-------- Information shown
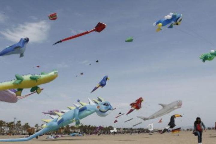 La playa de la Malvarrosa se colorea con decena de cometas
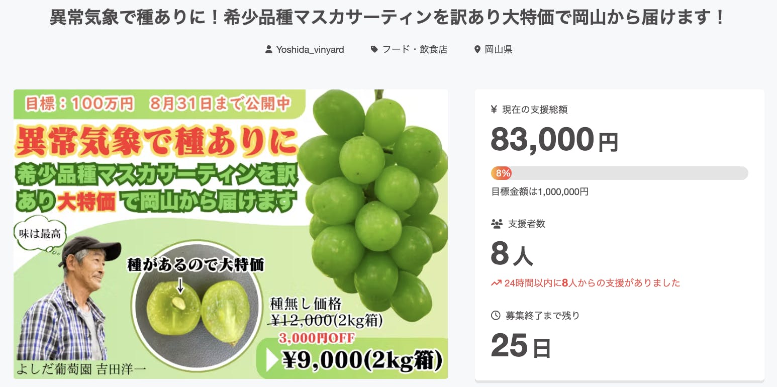 2025/08/06 08:09昨日から始まった2025年最後のクラウドファンディング!『異常気象で種ありに!希少品種マスカサーティンを訳あり大特価で岡山から届けます!』初日に8人の方からご支援を頂きました!マスカサーティンは本当に美味しいです!希少品種ですので、食べたことがない方が多いかもしれませんが今回は訳あり大特価です!気になった方は是非! もっと見る
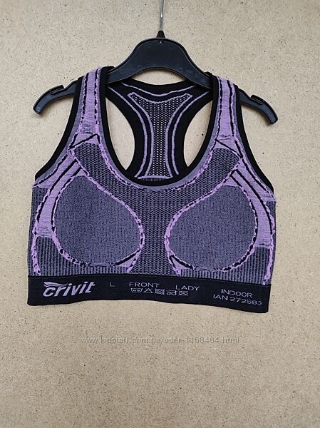бесшовный лиф Crivit (Германия) р.L (маломерит на размер) лучше подойдет на чашку В-С и под грудью 75 - 80смВ идеальном состоянии близко к новому. Без чашечек / паралона
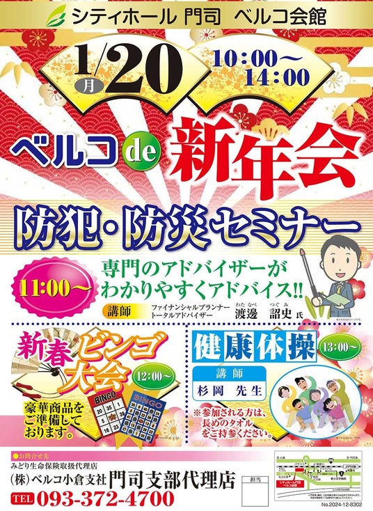 新しい年の始まりを記念して、シティホール門司 ベルコ会館では、地域の皆さまが安心して暮らせる未来を考える場として「ベルコde新年会 防犯・防災セミナー」を開催いたします。本イベントは、SDGs(持続可能な開発目標)の理念に基づき、地域の安全性向上や健康促進を目指した取り組みです。
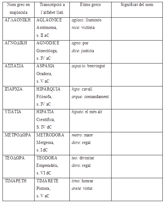 1. Llig el nom de cada dona, la seua activitat i ubicació temporal. A continuació, fixa’t en la semblança amb els noms originals en grec. Finalment, observa els ètims que formen cada nom i dedueix-ne el significat.
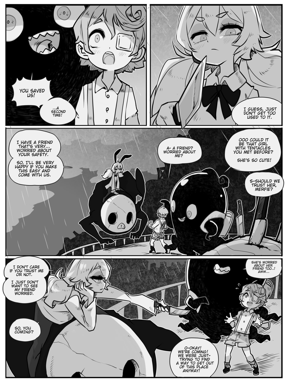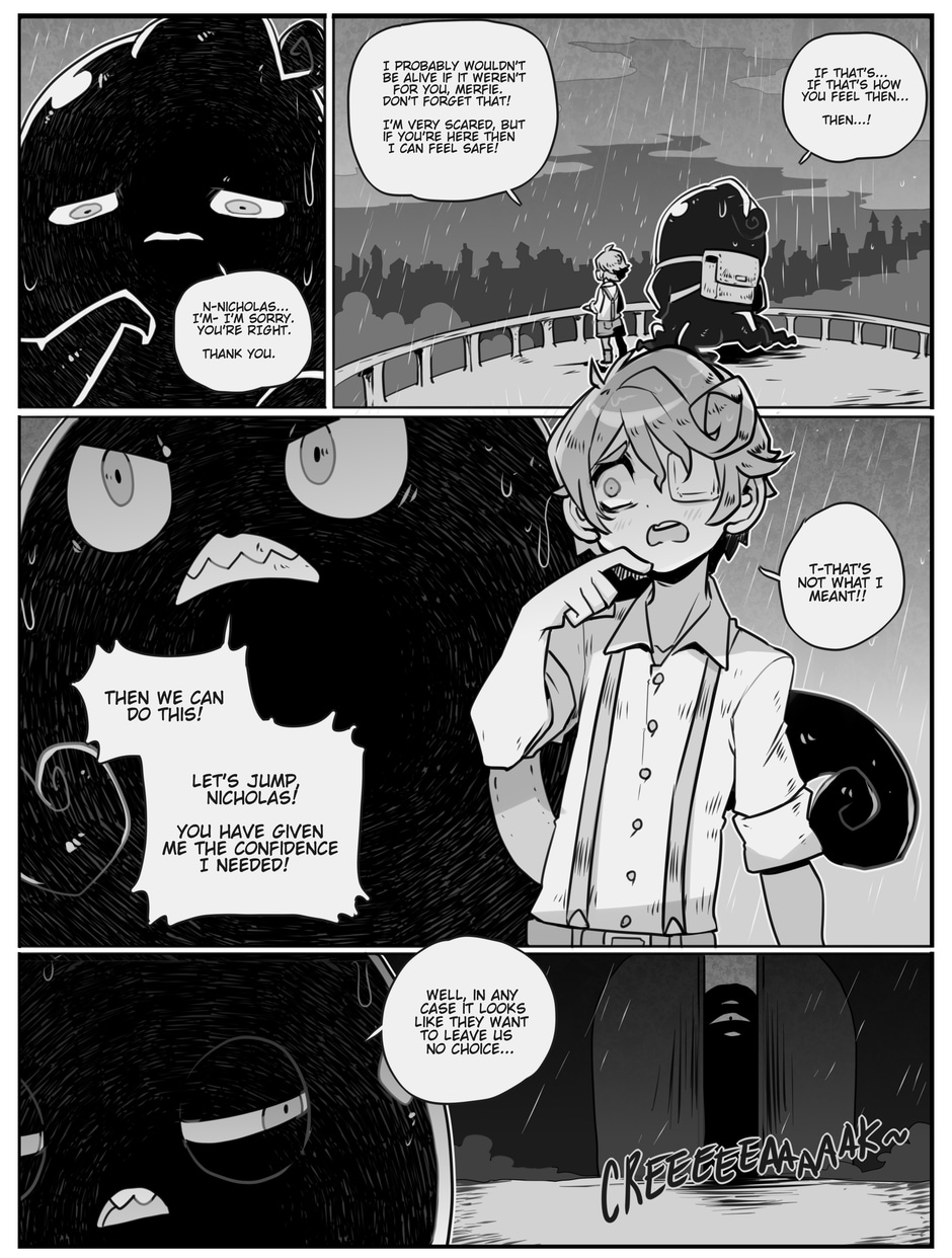 The story begins where Aria and Nicholas, very confused, meet Merfie, a monster that welcomes them to his home.
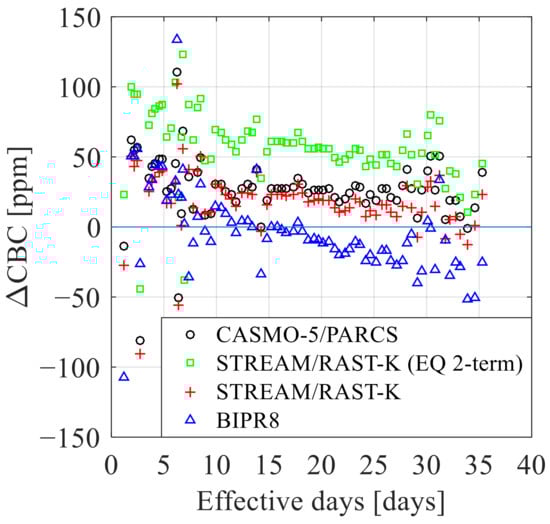 | CASMO-5/PARCS | 1D | 1.01822 | 73 ± 2 | −1.93 | 1.85 | 0.97 |
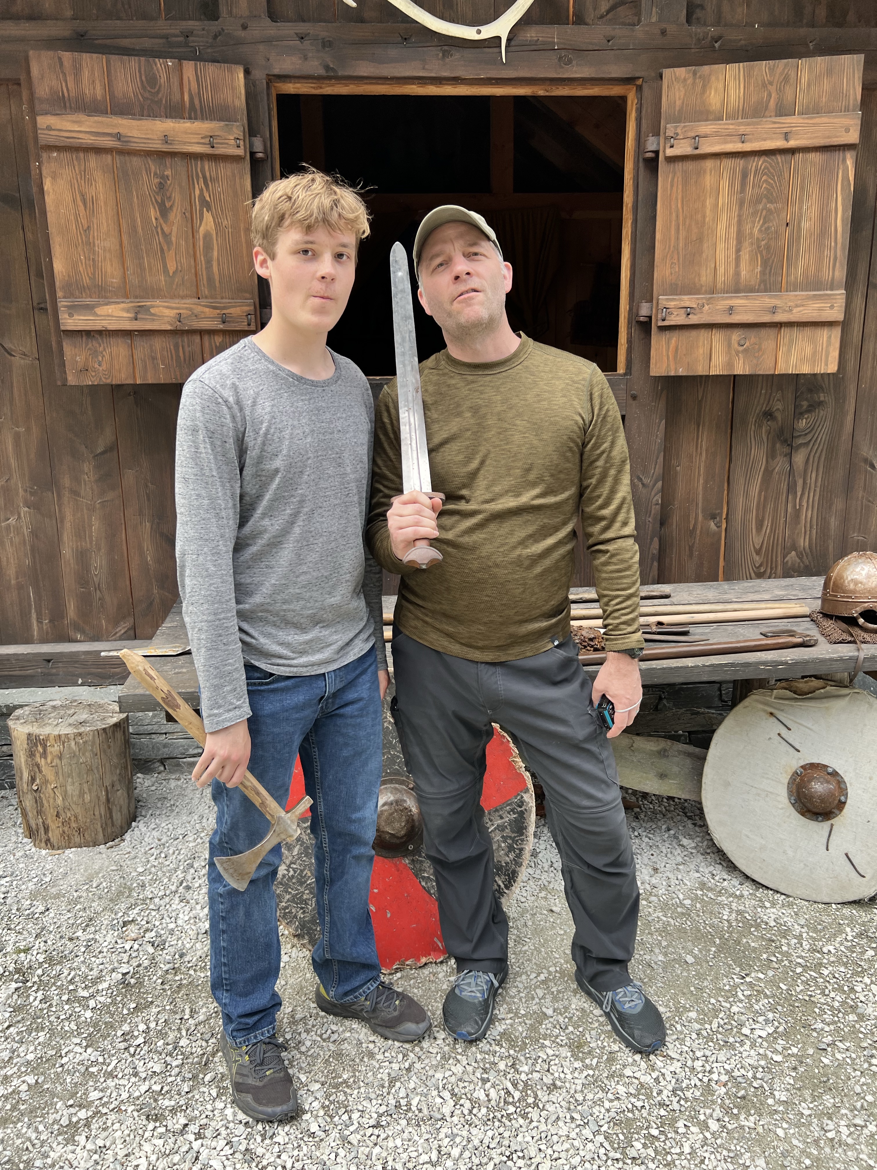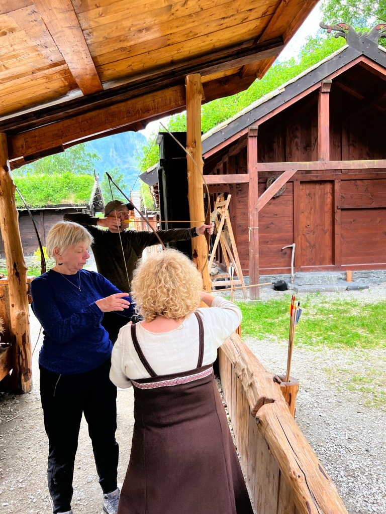 The next day we motored into the fjord on a ship. This fantastic adventure continued on land at Gudvangen and a traditional Viking village. We learned about weaving, boat-making, archery, & axe throwing. (Not to brag, but I ruled at axe throwing. Apparently I was so amazing that nobody could take their eyes off my throwing long enough for pictures.😄) Rowan even found a Viking game he knew how to play. It was an incredible day! A bus and another train ride brought us to the city of Bergen on the West coast of Norway.
----------------
__What to do__: From the line that contains "бесшовный лиф Crivit" to the end of the listing, give every line again exactly as written. Leave the pictures out.

__Written answer__:
бесшовный лиф Crivit (Германия) р.L (маломерит на размер) лучше подойдет на чашку В-С и под грудью 75 - 80смВ идеальном состоянии близко к новому. Без чашечек / паралона
 新しい年の始まりを記念して、シティホール門司 ベルコ会館では、地域の皆さまが安心して暮らせる未来を考える場として「ベルコde新年会 防犯・防災セミナー」を開催いたします。本イベントは、SDGs(持続可能な開発目標)の理念に基づき、地域の安全性向上や健康促進を目指した取り組みです。
 1. Llig el nom de cada dona, la seua activitat i ubicació temporal. A continuació, fixa’t en la semblança amb els noms originals en grec. Finalment, observa els ètims que formen cada nom i dedueix-ne el significat.
 The story begins where Aria and Nicholas, very confused, meet Merfie, a monster that welcomes them to his home.
 | CASMO-5/PARCS | 1D | 1.01822 | 73 ± 2 | −1.93 | 1.85 | 0.97 |
 The next day we motored into the fjord on a ship. This fantastic adventure continued on land at Gudvangen and a traditional Viking village. We learned about weaving, boat-making, archery, & axe throwing. (Not to brag, but I ruled at axe throwing. Apparently I was so amazing that nobody could take their eyes off my throwing long enough for pictures.😄) Rowan even found a Viking game he knew how to play. It was an incredible day! A bus and another train ride brought us to the city of Bergen on the West coast of Norway.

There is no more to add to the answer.